Work order
Among the entries below, one line contains "Minóg strumieniowy jest" and another contains "valiosos del pasado.". Transcribe those two lines and every line between them, exactly.

==== Information shown ====

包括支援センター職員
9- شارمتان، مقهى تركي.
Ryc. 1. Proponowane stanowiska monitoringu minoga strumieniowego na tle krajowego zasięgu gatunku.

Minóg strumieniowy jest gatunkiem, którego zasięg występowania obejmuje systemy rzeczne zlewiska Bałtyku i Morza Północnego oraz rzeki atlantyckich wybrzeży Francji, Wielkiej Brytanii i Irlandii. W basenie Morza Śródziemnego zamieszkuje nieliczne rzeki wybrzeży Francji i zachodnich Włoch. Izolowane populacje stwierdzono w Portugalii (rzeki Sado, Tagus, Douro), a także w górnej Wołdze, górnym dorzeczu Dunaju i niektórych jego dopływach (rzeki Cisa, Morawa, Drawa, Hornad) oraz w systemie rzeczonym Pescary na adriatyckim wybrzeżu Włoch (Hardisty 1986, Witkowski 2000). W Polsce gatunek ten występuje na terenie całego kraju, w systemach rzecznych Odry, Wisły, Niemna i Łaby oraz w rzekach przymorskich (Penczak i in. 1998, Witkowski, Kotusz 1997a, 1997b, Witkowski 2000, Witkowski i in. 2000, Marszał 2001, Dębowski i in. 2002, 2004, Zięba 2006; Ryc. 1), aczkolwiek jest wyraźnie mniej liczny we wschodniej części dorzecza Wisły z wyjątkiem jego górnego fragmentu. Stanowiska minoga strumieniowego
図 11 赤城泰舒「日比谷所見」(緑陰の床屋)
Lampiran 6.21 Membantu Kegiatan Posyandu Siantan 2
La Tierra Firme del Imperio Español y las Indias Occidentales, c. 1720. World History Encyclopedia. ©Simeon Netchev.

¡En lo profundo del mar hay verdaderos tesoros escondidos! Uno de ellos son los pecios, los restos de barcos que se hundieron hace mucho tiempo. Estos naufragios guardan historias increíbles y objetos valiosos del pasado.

====
==== Information shown ====

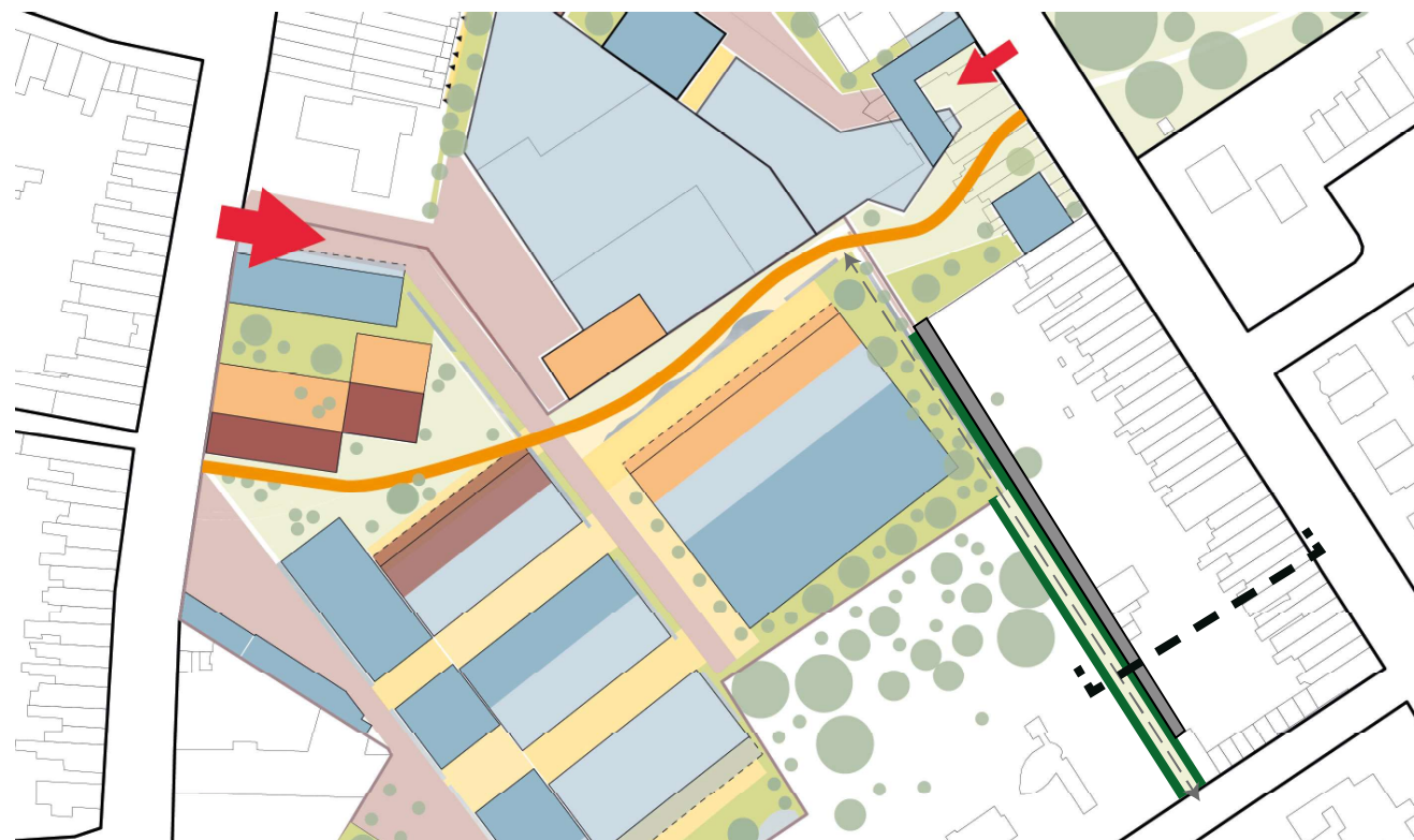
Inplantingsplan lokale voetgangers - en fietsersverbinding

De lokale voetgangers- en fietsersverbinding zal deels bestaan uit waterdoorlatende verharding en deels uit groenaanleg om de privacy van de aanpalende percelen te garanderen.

====
==== Information shown ====

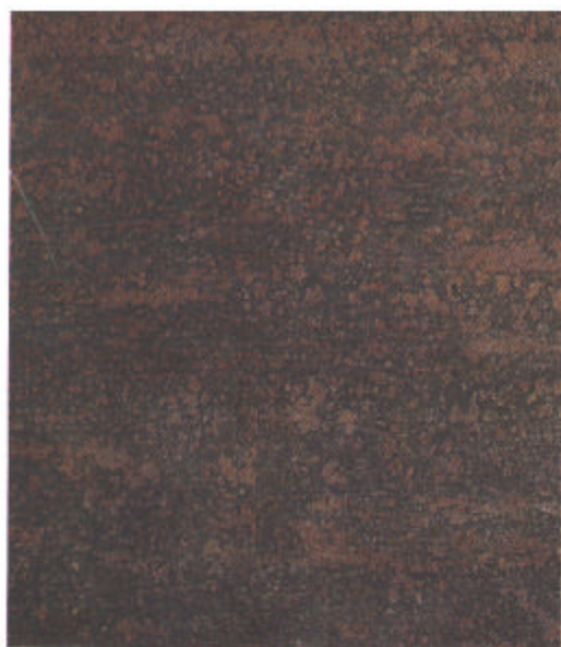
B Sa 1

====

Response area
Minóg strumieniowy jest gatunkiem, którego zasięg występowania obejmuje systemy rzeczne zlewiska Bałtyku i Morza Północnego oraz rzeki atlantyckich wybrzeży Francji, Wielkiej Brytanii i Irlandii. W basenie Morza Śródziemnego zamieszkuje nieliczne rzeki wybrzeży Francji i zachodnich Włoch. Izolowane populacje stwierdzono w Portugalii (rzeki Sado, Tagus, Douro), a także w górnej Wołdze, górnym dorzeczu Dunaju i niektórych jego dopływach (rzeki Cisa, Morawa, Drawa, Hornad) oraz w systemie rzeczonym Pescary na adriatyckim wybrzeżu Włoch (Hardisty 1986, Witkowski 2000). W Polsce gatunek ten występuje na terenie całego kraju, w systemach rzecznych Odry, Wisły, Niemna i Łaby oraz w rzekach przymorskich (Penczak i in. 1998, Witkowski, Kotusz 1997a, 1997b, Witkowski 2000, Witkowski i in. 2000, Marszał 2001, Dębowski i in. 2002, 2004, Zięba 2006; Ryc. 1), aczkolwiek jest wyraźnie mniej liczny we wschodniej części dorzecza Wisły z wyjątkiem jego górnego fragmentu. Stanowiska minoga strumieniowego
図 11 赤城泰舒「日比谷所見」(緑陰の床屋)
Lampiran 6.21 Membantu Kegiatan Posyandu Siantan 2
La Tierra Firme del Imperio Español y las Indias Occidentales, c. 1720. World History Encyclopedia. ©Simeon Netchev.

¡En lo profundo del mar hay verdaderos tesoros escondidos! Uno de ellos son los pecios, los restos de barcos que se hundieron hace mucho tiempo. Estos naufragios guardan historias increíbles y objetos valiosos del pasado.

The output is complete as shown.